***** Material to process

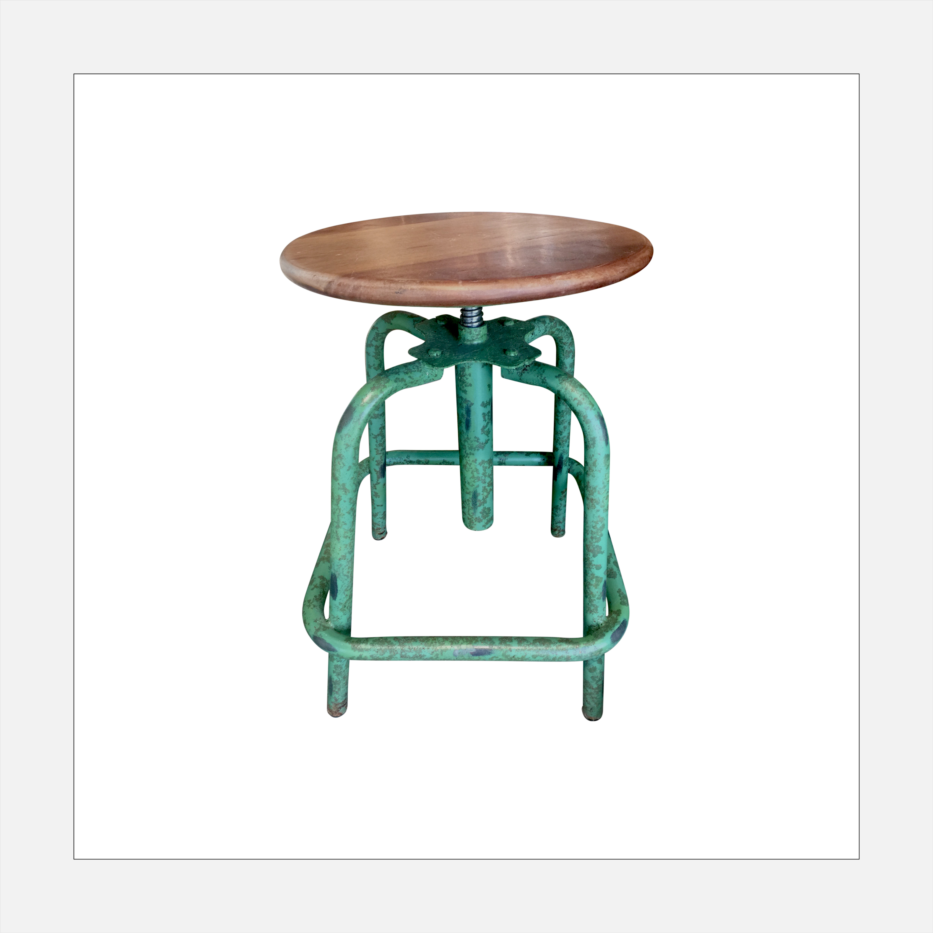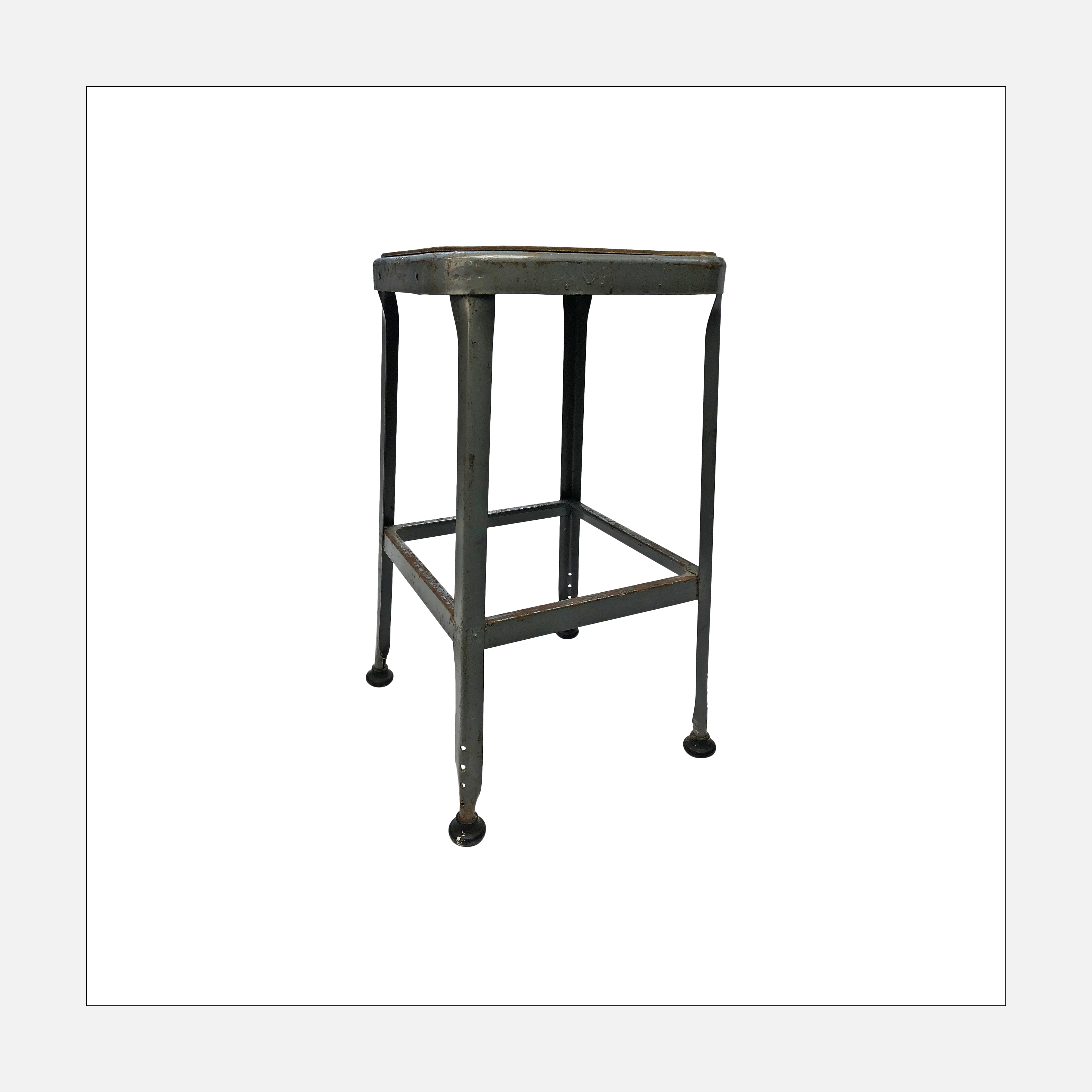 Add this gray metal shop stool for more layered, industrial style. Worn in all the right places, the Masonite seat sits atop a painted gray base.
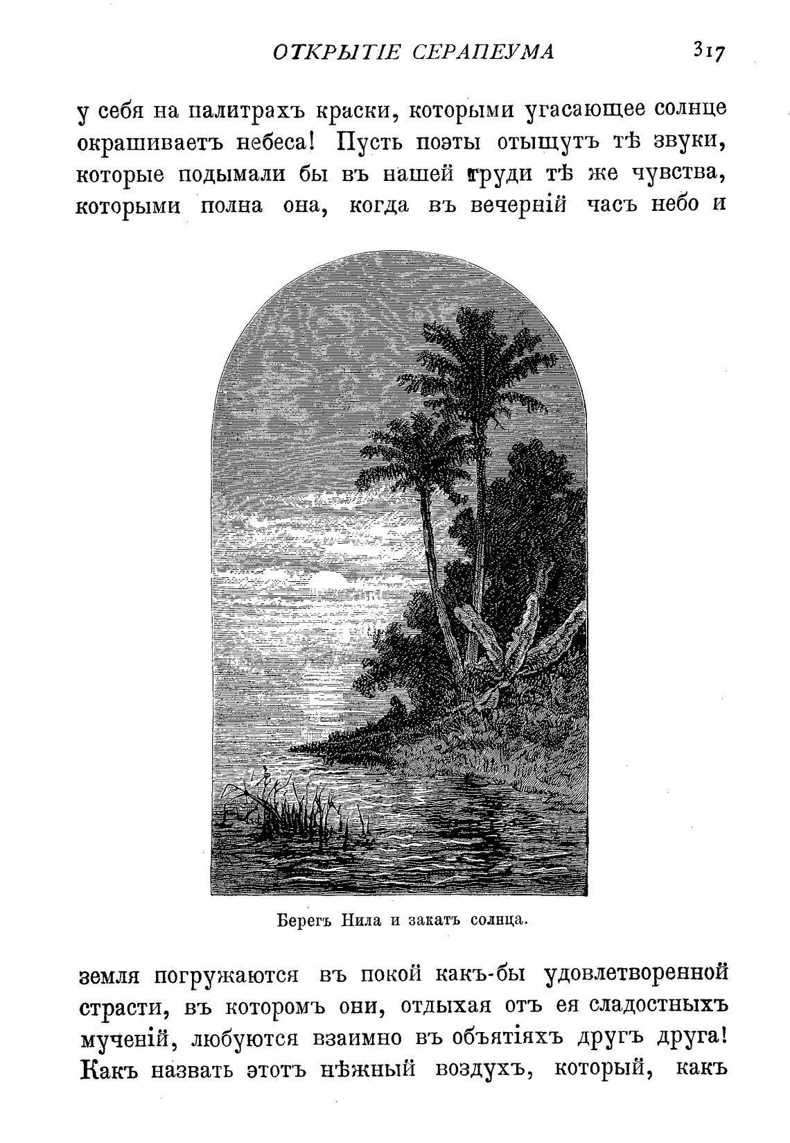 Берегъ Нила и закатъ солнца.
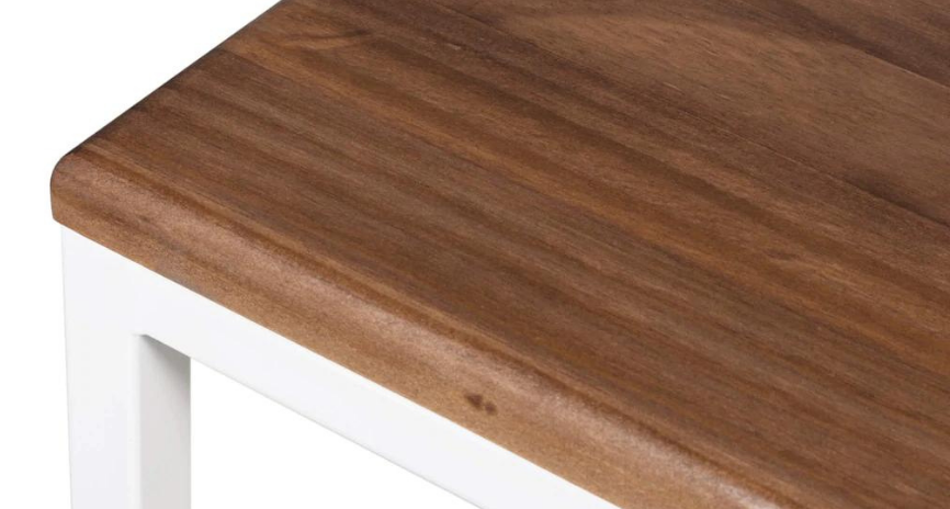 Este producto se compone de una base de perfil de acero al carbón el cual lleva pintura electrostática, lo que entrega mayor durabilidad. Por otro lado, su cubierta es de Pino Alistonado Insigne de 18 mm la cual lleva tinte Nogal Tundra Milesi.
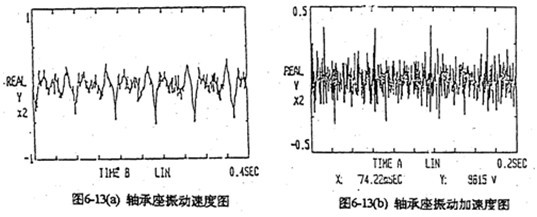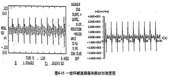 由于每片齒板都存在同樣的周期性激勵(lì)沖擊函數(shù),相位差120°,迭加后的總效果仍然是轉(zhuǎn)頻周期函數(shù)。因此對(duì)箱體軸承座的沖擊也呈周期性。圖6-13是支承軸箱體軸承座的振動(dòng)速度及加速度的實(shí)測(cè)時(shí)域曲線圖。其曲線圖的變化規(guī)律及幅值與圖6-4完全接近。速度及速度沖擊值為
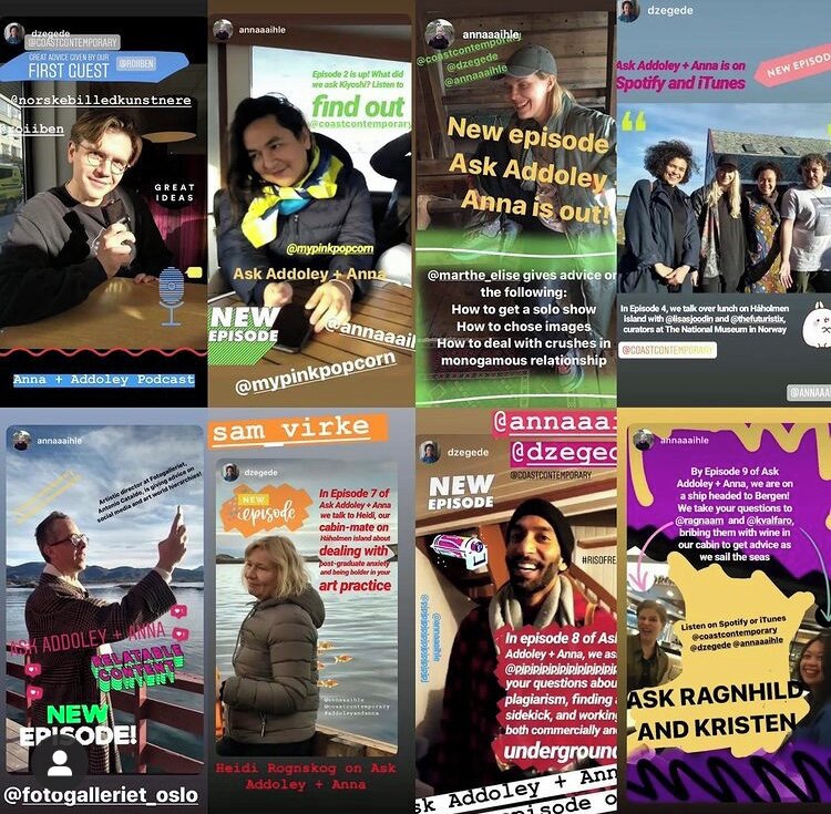 Ask Addoley + Anna is a collaboration between artists Addoley Dzegede and Anna Ihle in the form of a podcast. Ask Addoley + Anna offers advice on career, home economics and relationships. Their attendance later lead to two podcast collaborations; with the National Museum in Norway and with CAC Brètigny in France.
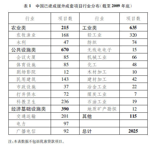 截至2009年底,中国共帮助发展中国家建成2000多个与当地民众生产和生活息息相关的各类成套项目,涉及工业、农业、文教、卫生、通讯、电力、能源、交通等多个领域。
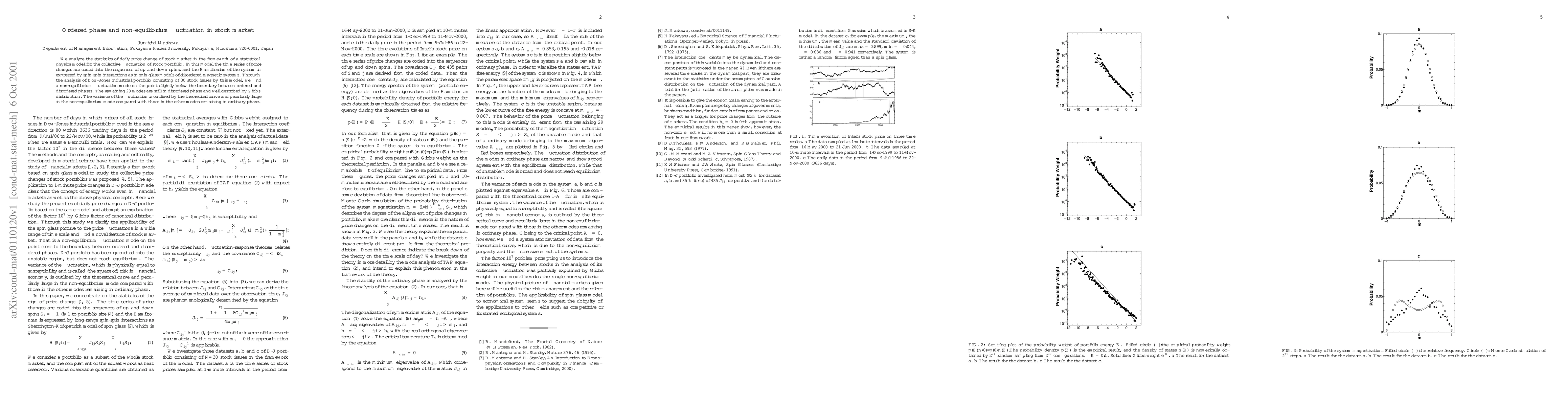 The paper analyzes stock market price fluctuations using a statistical physics model, finding a distinct non-equilibrium fluctuation mode below the ordered-disordered phase boundary in the Dow-Jones portfolio. This mode exhibits significantly larger variance compared to modes in the disordered phase, which follow Gibbs distribution.
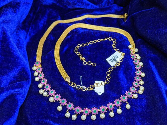 Imitation jewellery waist belt clearance, Indian Hip Belt With Cz Stones Saree clearance
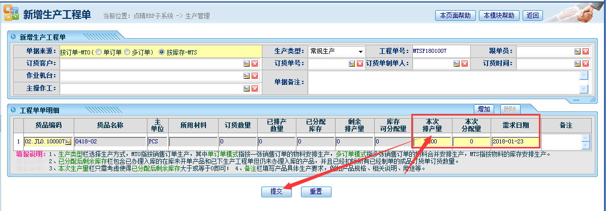 2、进入界面后,勾上“按库存”,选择需要排产的成品信息,录入数量和日期,提交完成。如下图所示: 点晴模切ERP更多信息:https://moqie.clicksun.cn,联系电话:4001861886 该文章在 2018/1/23 12:03:04 编辑过 |
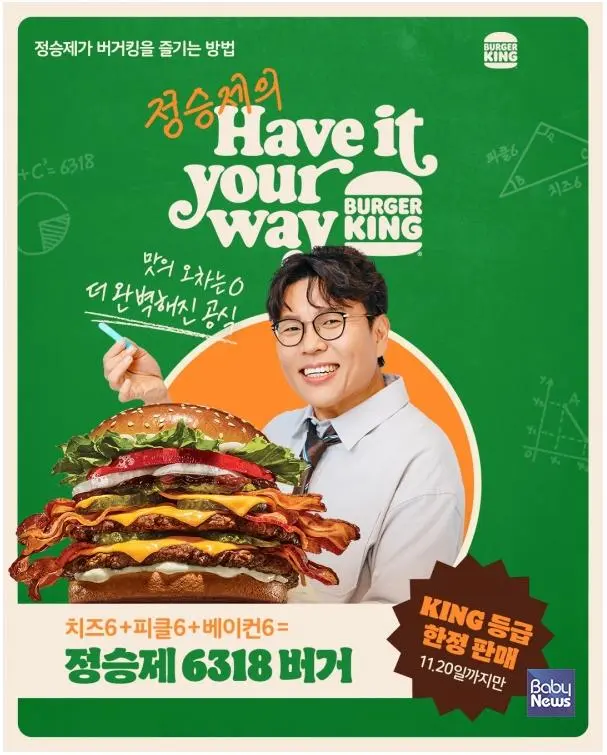 버거킹이 특정 인물이 직접 추천하는 메뉴 큐레이션을 통해 고객 경험을 확대하는 브랜드 캠페인 'Have it your way'의 두 번째 주인공을 국민 수학 강사 정승제 선정했다고 10일 밝혔다.
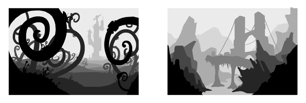 Exploration in value and layout for environments. Quick concepts for possible environment.
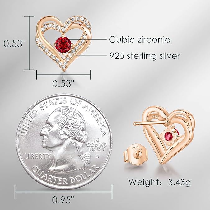 ❤UNIQUE HEART-SHAPE DESIGN❤ The 2020 birthstone earrings feature an interlocking heart design that symbolizes love for each other. The heart stud earrings are sparkling Mother’s Day gifts for mom or grandmother, Valentine’s Day gifts for girlfriend or anniversary gifts for wife, Christmas gifts for girlfriend and best friend to express your love and commitment.

**********

[What is required] Write the listing out again in full and unchanged, minus any pictures.

[Output]
 Add this gray metal shop stool for more layered, industrial style. Worn in all the right places, the Masonite seat sits atop a painted gray base.
 Берегъ Нила и закатъ солнца.
 Este producto se compone de una base de perfil de acero al carbón el cual lleva pintura electrostática, lo que entrega mayor durabilidad. Por otro lado, su cubierta es de Pino Alistonado Insigne de 18 mm la cual lleva tinte Nogal Tundra Milesi.
 由于每片齒板都存在同樣的周期性激勵(lì)沖擊函數(shù),相位差120°,迭加后的總效果仍然是轉(zhuǎn)頻周期函數(shù)。因此對(duì)箱體軸承座的沖擊也呈周期性。圖6-13是支承軸箱體軸承座的振動(dòng)速度及加速度的實(shí)測(cè)時(shí)域曲線圖。其曲線圖的變化規(guī)律及幅值與圖6-4完全接近。速度及速度沖擊值為
 Ask Addoley + Anna is a collaboration between artists Addoley Dzegede and Anna Ihle in the form of a podcast. Ask Addoley + Anna offers advice on career, home economics and relationships. Their attendance later lead to two podcast collaborations; with the National Museum in Norway and with CAC Brètigny in France.
 截至2009年底,中国共帮助发展中国家建成2000多个与当地民众生产和生活息息相关的各类成套项目,涉及工业、农业、文教、卫生、通讯、电力、能源、交通等多个领域。
 The paper analyzes stock market price fluctuations using a statistical physics model, finding a distinct non-equilibrium fluctuation mode below the ordered-disordered phase boundary in the Dow-Jones portfolio. This mode exhibits significantly larger variance compared to modes in the disordered phase, which follow Gibbs distribution.
 Imitation jewellery waist belt clearance, Indian Hip Belt With Cz Stones Saree clearance
 2、进入界面后,勾上“按库存”,选择需要排产的成品信息,录入数量和日期,提交完成。如下图所示: 点晴模切ERP更多信息:https://moqie.clicksun.cn,联系电话:4001861886 该文章在 2018/1/23 12:03:04 编辑过 |
 버거킹이 특정 인물이 직접 추천하는 메뉴 큐레이션을 통해 고객 경험을 확대하는 브랜드 캠페인 'Have it your way'의 두 번째 주인공을 국민 수학 강사 정승제 선정했다고 10일 밝혔다.
 Exploration in value and layout for environments. Quick concepts for possible environment.
 ❤UNIQUE HEART-SHAPE DESIGN❤ The 2020 birthstone earrings feature an interlocking heart design that symbolizes love for each other. The heart stud earrings are sparkling Mother’s Day gifts for mom or grandmother, Valentine’s Day gifts for girlfriend or anniversary gifts for wife, Christmas gifts for girlfriend and best friend to express your love and commitment.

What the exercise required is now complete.